■ WORK REQUEST ■
Which of the lines below include "This"? Each one should be copied out.

■ GIVEN DATA ■
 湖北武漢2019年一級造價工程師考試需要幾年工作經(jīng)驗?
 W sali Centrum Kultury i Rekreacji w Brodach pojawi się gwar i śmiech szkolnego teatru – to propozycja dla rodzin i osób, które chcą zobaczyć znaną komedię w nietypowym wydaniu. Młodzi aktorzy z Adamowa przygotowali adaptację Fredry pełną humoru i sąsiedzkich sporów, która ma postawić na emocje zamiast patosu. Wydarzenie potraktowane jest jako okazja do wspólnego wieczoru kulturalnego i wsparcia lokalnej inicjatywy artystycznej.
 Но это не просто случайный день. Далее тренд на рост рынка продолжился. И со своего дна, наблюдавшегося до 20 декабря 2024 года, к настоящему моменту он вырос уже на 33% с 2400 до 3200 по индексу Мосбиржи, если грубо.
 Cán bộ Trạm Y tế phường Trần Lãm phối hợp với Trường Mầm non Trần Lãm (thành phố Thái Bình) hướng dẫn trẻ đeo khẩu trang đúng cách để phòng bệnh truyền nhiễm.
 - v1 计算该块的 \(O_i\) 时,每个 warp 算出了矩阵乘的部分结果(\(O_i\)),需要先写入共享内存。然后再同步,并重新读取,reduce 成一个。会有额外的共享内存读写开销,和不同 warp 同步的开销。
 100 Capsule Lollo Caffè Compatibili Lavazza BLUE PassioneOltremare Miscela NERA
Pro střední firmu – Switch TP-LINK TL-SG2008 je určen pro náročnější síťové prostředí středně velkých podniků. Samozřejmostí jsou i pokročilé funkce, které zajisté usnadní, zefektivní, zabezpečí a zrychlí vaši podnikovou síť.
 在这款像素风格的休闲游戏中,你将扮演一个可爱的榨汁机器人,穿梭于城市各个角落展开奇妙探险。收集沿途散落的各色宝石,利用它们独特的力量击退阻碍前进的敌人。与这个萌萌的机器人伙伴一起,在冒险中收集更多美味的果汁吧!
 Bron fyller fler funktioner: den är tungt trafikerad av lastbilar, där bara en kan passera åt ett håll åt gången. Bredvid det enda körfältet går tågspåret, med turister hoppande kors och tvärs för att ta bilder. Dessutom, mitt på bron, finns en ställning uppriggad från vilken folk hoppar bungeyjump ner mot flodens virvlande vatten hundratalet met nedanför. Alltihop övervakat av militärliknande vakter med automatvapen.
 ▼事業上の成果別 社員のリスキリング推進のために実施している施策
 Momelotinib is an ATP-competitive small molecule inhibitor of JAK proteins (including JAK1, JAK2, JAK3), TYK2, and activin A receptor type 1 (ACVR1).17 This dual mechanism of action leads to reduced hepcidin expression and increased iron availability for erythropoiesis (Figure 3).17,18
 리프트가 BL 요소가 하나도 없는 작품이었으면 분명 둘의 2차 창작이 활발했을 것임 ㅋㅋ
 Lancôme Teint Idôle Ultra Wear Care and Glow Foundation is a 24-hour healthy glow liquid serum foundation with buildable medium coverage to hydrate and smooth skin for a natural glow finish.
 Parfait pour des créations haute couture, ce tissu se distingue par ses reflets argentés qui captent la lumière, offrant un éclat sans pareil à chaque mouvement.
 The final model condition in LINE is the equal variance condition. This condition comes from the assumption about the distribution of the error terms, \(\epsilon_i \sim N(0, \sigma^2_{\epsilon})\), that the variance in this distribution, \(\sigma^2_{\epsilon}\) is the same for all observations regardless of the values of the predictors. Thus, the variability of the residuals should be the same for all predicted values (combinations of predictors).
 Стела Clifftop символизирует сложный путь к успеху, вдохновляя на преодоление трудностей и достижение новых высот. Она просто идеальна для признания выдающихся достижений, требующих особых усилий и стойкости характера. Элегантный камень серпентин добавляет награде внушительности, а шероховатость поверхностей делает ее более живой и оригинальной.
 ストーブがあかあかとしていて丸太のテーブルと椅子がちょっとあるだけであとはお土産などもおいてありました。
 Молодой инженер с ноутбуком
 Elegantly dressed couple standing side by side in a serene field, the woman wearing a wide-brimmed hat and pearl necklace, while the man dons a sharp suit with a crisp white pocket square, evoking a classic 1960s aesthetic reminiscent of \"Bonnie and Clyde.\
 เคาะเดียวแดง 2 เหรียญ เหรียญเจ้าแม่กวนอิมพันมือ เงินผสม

■ PROBLEM SOLUTION ■
 Momelotinib is an ATP-competitive small molecule inhibitor of JAK proteins (including JAK1, JAK2, JAK3), TYK2, and activin A receptor type 1 (ACVR1).17 This dual mechanism of action leads to reduced hepcidin expression and increased iron availability for erythropoiesis (Figure 3).17,18
 The final model condition in LINE is the equal variance condition. This condition comes from the assumption about the distribution of the error terms, \(\epsilon_i \sim N(0, \sigma^2_{\epsilon})\), that the variance in this distribution, \(\sigma^2_{\epsilon}\) is the same for all observations regardless of the values of the predictors. Thus, the variability of the residuals should be the same for all predicted values (combinations of predictors).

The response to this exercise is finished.